While some are impressed with his answers to moderately complex theological questions, many are skeptical, claiming that giving a machine the face and name of God is a form of idolatry. Others worry that it will turn Jesus into a "woke warrior."

AI Coca-Cola Ad

The holiday season is upon us, and Coca-Cola has released its newest Christmas ad campaign. These latest commercials feature shiny, Coca-Cola red semi-trucks driving through an idyllic winter wonderland on a mission to deliver soda to a festively decorated town — standard holiday ad fare. But this year, Coca-Cola decided to put a "futuristic spin" on their ad campaignthe commercials are all AI-generated. It doesn't take a detective to spot the tell-tale AI hallmarks, from truck wheels that don't spin as the truck is driving to the eerie expressions of the people in the ad that twist and contort in creepy ways. The holiday magic is lost.

AI Grandma

A British telecom company, Virgin Media O2, unveiled Daisy, an AI chatbot designed to scam the scammers.
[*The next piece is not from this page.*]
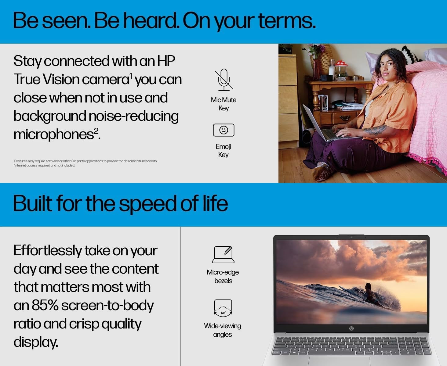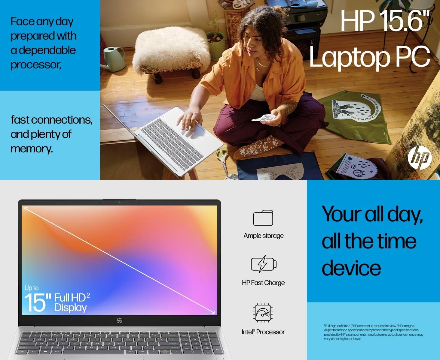 HP Intel® Core i7-1355U | 8GB DDR4 RAM ; 512GB SSD | 15.6 inch FHD IPS Display | Intel® Iris® Xᶱ Graphics | Backlit Eng./Ara. Keyboard | Free DOS 3.0 | Natural Silver ~ 15-fd0146ne
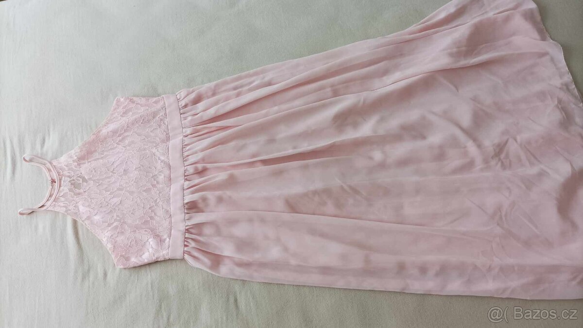 Prodám čtvery bledě růžové šaty s krajkou. Možno prodat i jednotlivě. Použito jednou na svatbě. Cena za kus 200,-

Daisy is designed to sound and talk like an elderly woman and is tasked to deliberately connect with telephone scammers (who typically target older people) and waste their time with heaps of meandering chatter so that scammers have less time to target real people. Daisy has already proved capable of fooling scammers into long phone conversations, which ultimately end up fruitless. Can you think of a better use of AI?